[Supplied data]
-- -- --
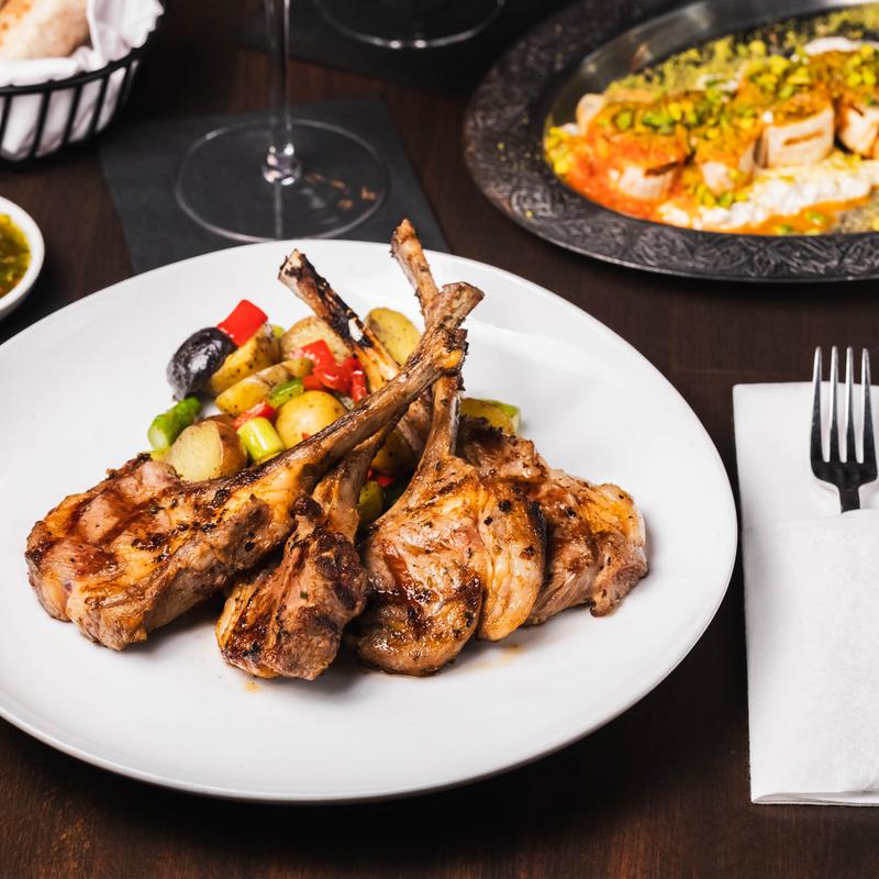 Slow-braised, tender lamb shank, creamy Anatolian keskek wheat, finished with its rich pan jus, grilled veggies.
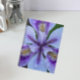 A personal sized, spiral bound notebook that features the cover photo image of a light purple, beardless Iris bloom with splashes of yellow and raindrops on its petals. A lovely, floral design! Use as a journal or for taking notes.
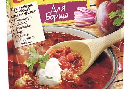 Приготовление Борща – это целое искусство! MAGGI® Заправка для Борща поможет вам радовать семью чаще любимым супом, без лишних усилий. MAGGI® Заправка для Борща приготовлена из спелых овощей летнего урожая нарезанных кусочками и пастеризована с травами и специями по классическому рецепту. В ее состав входят: натуральная томатная паста, свекла, лук, морковь, душистые травы и специи. Добавьте Заправку MAGGI® для борща в бульон с картофелем и капустой за 5 минут до готовности и ваш домашний фирменный борщ готов..
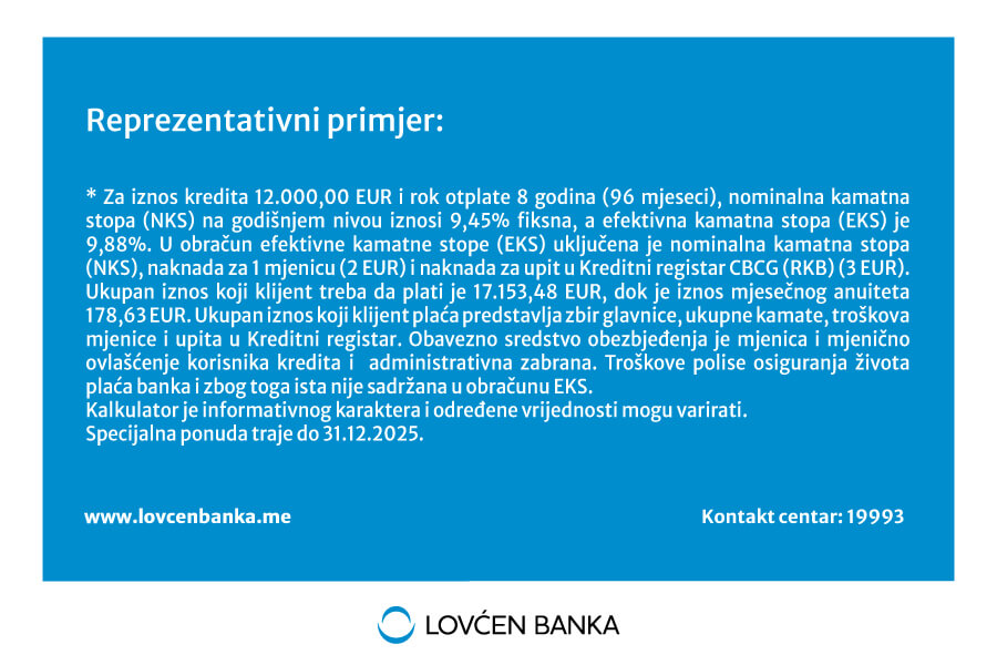 Za iznos kredita 12.000 EUR i rok otplate 8 godina (96 mjeseci), nominalna kamatna stopa (NKS) na godišnjem nivou iznosi 9,45% fiksna, a efektivna kamatna stopa (EKS) je 9,88%. U obračun efektivne kamatne stope (EKS) uključena je nominalna kamatna stopa (NKS), naknada za 1 mjenicu (2 EUR) i naknada za upit u Kreditni registar CBCG (RKB) (3 EUR). Ukupan iznos koji klijent treba da plati je 17.153,48 EUR, dok je iznos mjesečnog anuiteta 178,63 EUR. Ukupan iznos koji klijent plaća predstavlja zbir glavnice, ukupne kamate, troškova mjenice i upita u Kreditni registar. Obavezno sredstvo obezbjeđenja je mjenica i mjenično ovlašćenje korisnika kredita i administrativna zabrana. Troškove polise osiguranja života plaća banka i zbog toga ista nije sadržana u ovom obračunu EKS. Kalkulator je informativnog karaktera i određene vrijednosti mogu varirati.
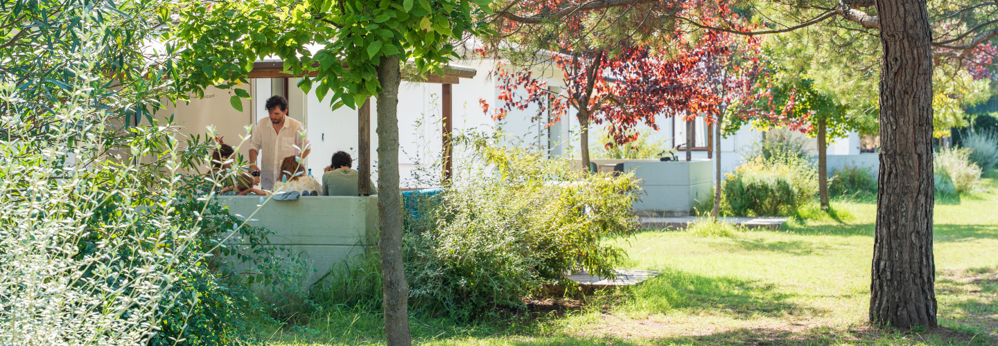 Bungalow Comfort ligger i et roligt område af campingpladsen mellem fyrreskoven og stranden og omgivet af træer og blomstrende planter: en drømmehave, hvor børn leger!
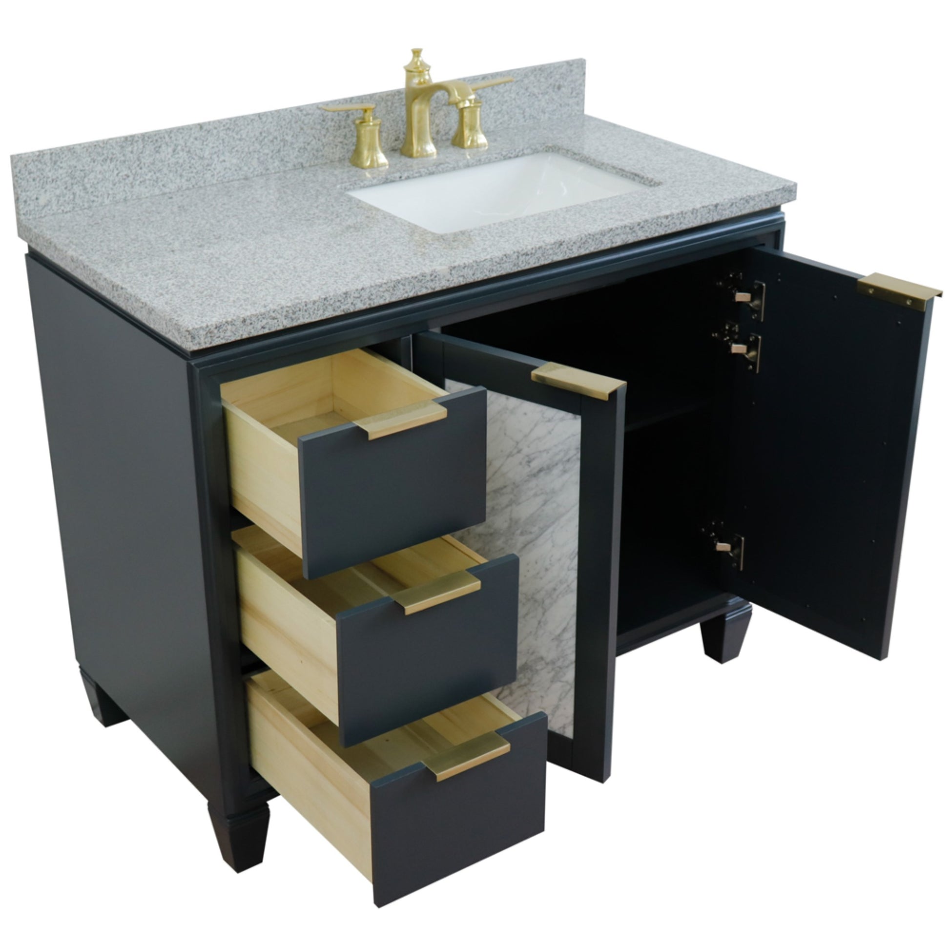 43" Single vanity in Dark Gray finish with Gray granite and rectangle sink Right door/Right sink
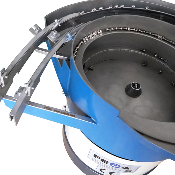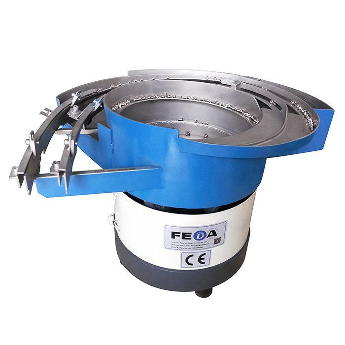 Под верхней чашей находится импульсный электромагнит, который может заставить чашу вибрировать в вертикальном направлении, а наклонная пружинная пластина заставляет чашу совершать крутильную вибрацию вокруг своей вертикальной оси. Детали в чаше поднимаются по спиральной дорожке из-за этой вибрации. После серии орбитальных просеиваний или изменений положения во время процесса подъема детали могут автоматически попадать в положение сборки или обработки в едином состоянии в соответствии с требованиями сборки или обработки. Его рабочее назначение — автоматически и упорядоченно размещать неупорядоченные заготовки аккуратно и точно посредством вибрации для следующего процесса.
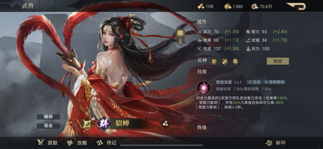 貂蝉的技能能对武力值最高的敌方2名武将造成较高智力伤害,并且满级后能降低50%的命中几率,用来对付高输出的武力武将是一个不错的选择![[嗒啦啦2_吃瓜]](https://img.tapimg.com/market/images/6eb1d083dff1c09692102cb5a98727f3.gif)
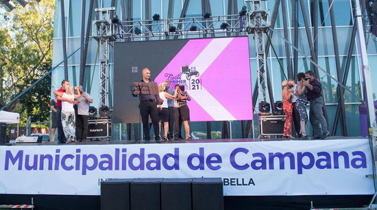 AYER, EN LA PRE-FIESTA SE PRESENTÓ EL TALLER MUNICIPAL DE TANGO EN EL ESCENARIO DEL PARQUE URBANO.
-- -- --
[Problem details] Nothing but the lines from the one with "Приготовление Борща –" to the one with "Za iznos kredita" above, both included, should be transcribed, exactly and without pictures.

[Answer for this exercise]
 Приготовление Борща – это целое искусство! MAGGI® Заправка для Борща поможет вам радовать семью чаще любимым супом, без лишних усилий. MAGGI® Заправка для Борща приготовлена из спелых овощей летнего урожая нарезанных кусочками и пастеризована с травами и специями по классическому рецепту. В ее состав входят: натуральная томатная паста, свекла, лук, морковь, душистые травы и специи. Добавьте Заправку MAGGI® для борща в бульон с картофелем и капустой за 5 минут до готовности и ваш домашний фирменный борщ готов..
 Za iznos kredita 12.000 EUR i rok otplate 8 godina (96 mjeseci), nominalna kamatna stopa (NKS) na godišnjem nivou iznosi 9,45% fiksna, a efektivna kamatna stopa (EKS) je 9,88%. U obračun efektivne kamatne stope (EKS) uključena je nominalna kamatna stopa (NKS), naknada za 1 mjenicu (2 EUR) i naknada za upit u Kreditni registar CBCG (RKB) (3 EUR). Ukupan iznos koji klijent treba da plati je 17.153,48 EUR, dok je iznos mjesečnog anuiteta 178,63 EUR. Ukupan iznos koji klijent plaća predstavlja zbir glavnice, ukupne kamate, troškova mjenice i upita u Kreditni registar. Obavezno sredstvo obezbjeđenja je mjenica i mjenično ovlašćenje korisnika kredita i administrativna zabrana. Troškove polise osiguranja života plaća banka i zbog toga ista nije sadržana u ovom obračunu EKS. Kalkulator je informativnog karaktera i određene vrijednosti mogu varirati.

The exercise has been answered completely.